Permission to use, copy, modify, and distribute this software and its documentation for educational, research, and not-for-profit purposes, without fee and without a signed licensing agreement; and permission use, copy, modify and distribute this software for commercial purposes (such rights not subject to transfer) to BDD member and its affiliates, is hereby granted, provided that the above copyright notice, this paragraph and the following two paragraphs appear in all copies, modifications, and distributions. Contact The Office of Technology Licensing, UC Berkeley, 2150 Shattuck Avenue, Suite 510, Berkeley, CA 94720-1620, (510) 643-7201, otl@berkeley.edu, http://ipira.berkeley.edu/industry-info for commercial licensing opportunities.

IN NO EVENT SHALL REGENTS BE LIABLE TO ANY PARTY FOR DIRECT, INDIRECT, SPECIAL, INCIDENTAL, OR CONSEQUENTIAL DAMAGES, INCLUDING LOST PROFITS, ARISING OUT OF THE USE OF THIS SOFTWARE AND ITS DOCUMENTATION, EVEN IF REGENTS HAS BEEN ADVISED OF THE POSSIBILITY OF SUCH DAMAGE.

REGENTS SPECIFICALLY DISCLAIMS ANY WARRANTIES, INCLUDING, BUT NOT LIMITED TO, THE IMPLIED WARRANTIES OF MERCHANTABILITY AND FITNESS FOR A PARTICULAR PURPOSE. THE SOFTWARE AND ACCOMPANYING DOCUMENTATION, IF ANY, PROVIDED HEREUNDER IS PROVIDED "AS IS". REGENTS HAS NO OBLIGATION TO PROVIDE MAINTENANCE, SUPPORT, UPDATES, ENHANCEMENTS, OR MODIFICATIONS.

Enron Emails

The folder data/external/enron contains a partial copy of the Enron Email dataset.

Large Movie Review

Large Movie Review Dataset contains 25,000 movie reviews from IMDB and can be found in data/external/imdb.

OpenFlights

License

The OpenFlights Airport, Airline, Plane and Route Databases are made available under the Open Database License. Any rights in individual contents of the database are licensed under the Database Contents License. In short, these mean that you are welcome to use the data as you wish, if and only if you both acknowledge the source and and license any derived works made available to the public with a free license as well.

See OpenFlights Data for more detailed documentation.

Data

OpenFlights data is found in data/external/openflights. Data copied from the OpenFlights Github Repo.

Note

The special value \N is used for \"NULL\" to indicate that no value is available

Airports

Field Type Nullable? Notes
airport_id int No Primary Key
name text Yes
city text Yes
country text Yes
iata varchar(3) Yes
icao varchar(4) Yes
latitude double No
longitude double No
altitude int Yes
timezone float Yes
dst char(1) Yes
tz_id text Yes
type text Yes
source text Yes

Airlines

Field Type Nullable? Notes
airline_id int No Primary Key
name text No
alias text Yes
iata varchar(2) Yes
icao varchar(3) Yes
callsign text Yes
country text Yes
active boolean No Default value FALSE

Routes

Field Type Nullable?
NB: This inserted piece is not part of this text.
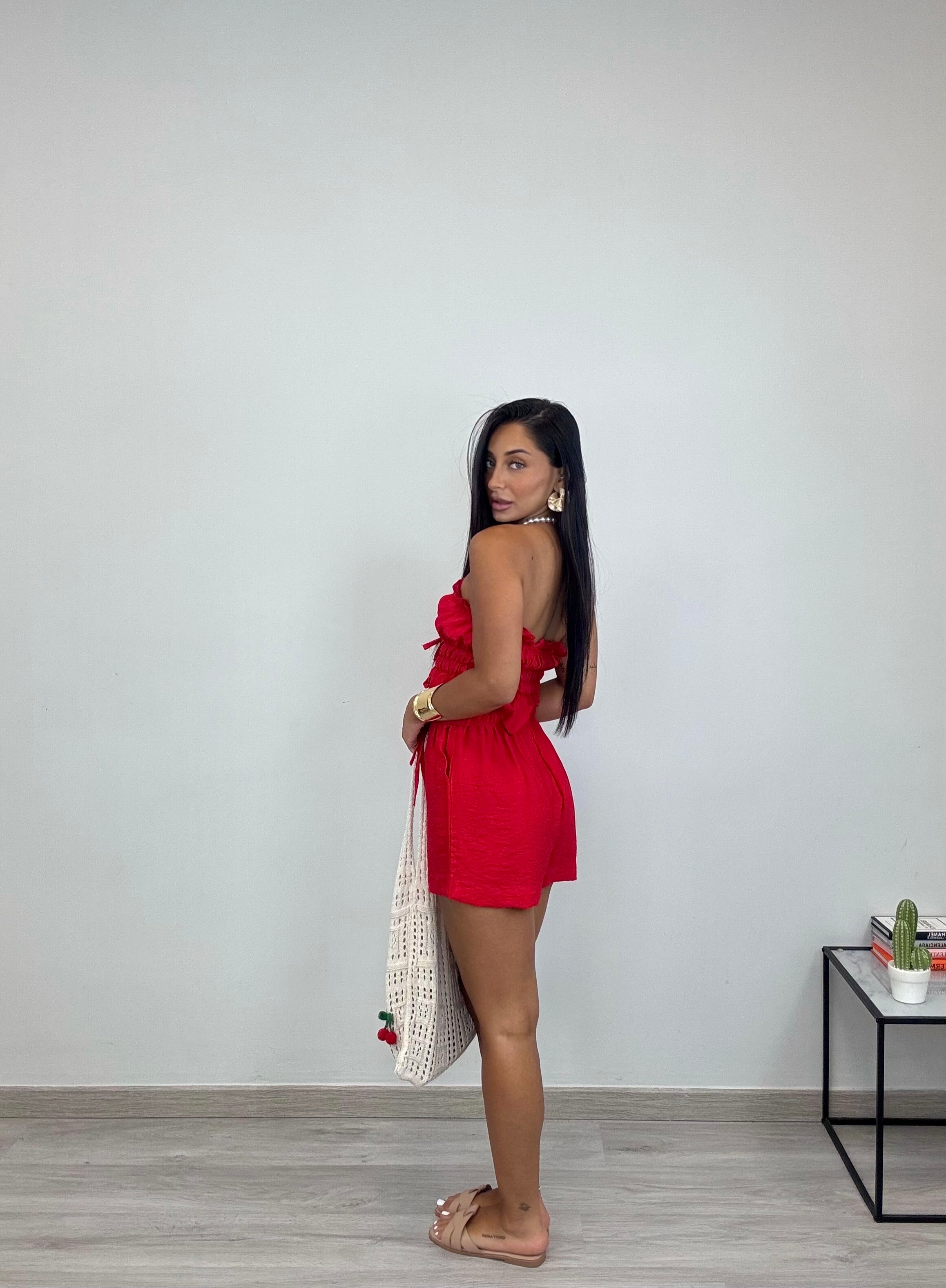 - Top regolabile con laccetti e pantaloncino con elastico in vita

Notes
airline varchar(3) Yes
airline_id int Yes
src_airport varchar(4) Yes
src_airport_id int Yes
dst_airport varchar(4) Yes
dst_airport_id int Yes
codeshare boolean Yes Default value FALSE
stops int Yes
equipment text Yes

airline_id, src_airport_id, and dst_airport_id form a unique key

Planes

Field Type Nullable? Notes
name text Yes
iata varchar(3) Yes
icao varchar(4) Yes

Countries

Field Type Nullable? Notes
name text Yes
iso_code varchar(2) Yes
dafif_code varchar(2) Yes

Note

Some entries have DAFIF codes, but not ISO codes. These are primarily uninhabited islands without airports, and can be ignored for most purposes.

Tidynomicon

Data copied from the Tidynomicon Github repository.

License

This is a human-readable summary of (and not a substitute for) the license. Please see https://creativecommons.org/licenses/by/4.0/legalcode for the full legal text.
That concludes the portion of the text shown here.